2008 Annual Report
1a.Objectives (from AD-416)
1. We will determine enteric dose-response relationships for crude preparations of botulinum neurotoxin (BoNT)in food using rodent models.
2. We will optimize sample preparation and develop rapid immunological and biochemical tests for BoNT.
1b.Approach (from AD-416)
1. We will administer BoNT in buffer and BoNT spiked food to mice, testing various time and temperature storage conditions (including heating) for effects on toxicity. We will compare commercially available purified BoNT to crude toxin (sterile culture fractions).

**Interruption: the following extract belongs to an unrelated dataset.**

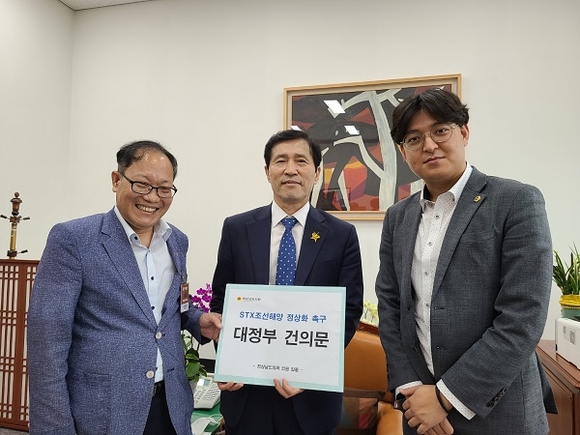 경남도의회 경제환경위원회 소속 송오성 더불어민주당 원내대표와 신상훈 의원은 27일 국회를 방문해 'STX조선해양 정상화 촉구 대정부 건의안'을 전달했다.

2. We will evaluate BoNT assays currently available commercially or through collaborators. We will develop new monoclonal antibodies to BoNT toxin and toxoid. Initial evaluations will be made in ELISA and other standard formats, and selected assays will be ported onto new assay platforms. Examples of new platforms include microbead assays read via microfluorimetry, paramagnetic fluorescent nanosphere assays, microarray analyses employing glass or nitrocellulose surfaces, "dip-stick" format rapid ELISAs, and "black-box" turnkey assay systems. Biochemical assays will include measurements of protease activity using fluorescence polarization and/or fluorescence resonance energy transfer. Documents SCA with the University of Wisconsin-Madison.
The original goal of the research was collaborative development of sample preparation and assay technologies for detection of botulinum neutrotoxin in foods. However, Cooperator also provides advice on administration of Select Agent research, and regular delivery of critical crude and purified botulinum neurotoxin reagents to the ADODR. These services are valuable and cost-effective. All material shipments were documented and contents confirmed upon arrival.
The ADODR monitors this project through occasional telephone conversations and frequent email and fax exchanges with the Cooperator. The ADODR’s staff and the Cooperator occasionally meet at national scientific meetings for updates and additional coordination.
In FY08 Cooperator and USDA SYs were coauthors on a published paper on botulinum toxin bioavailability in food matrices. Cooperator is also coauthor on another paper in press, characterizing high-affinity monoclonal antibodies to botulinum neurotoxin.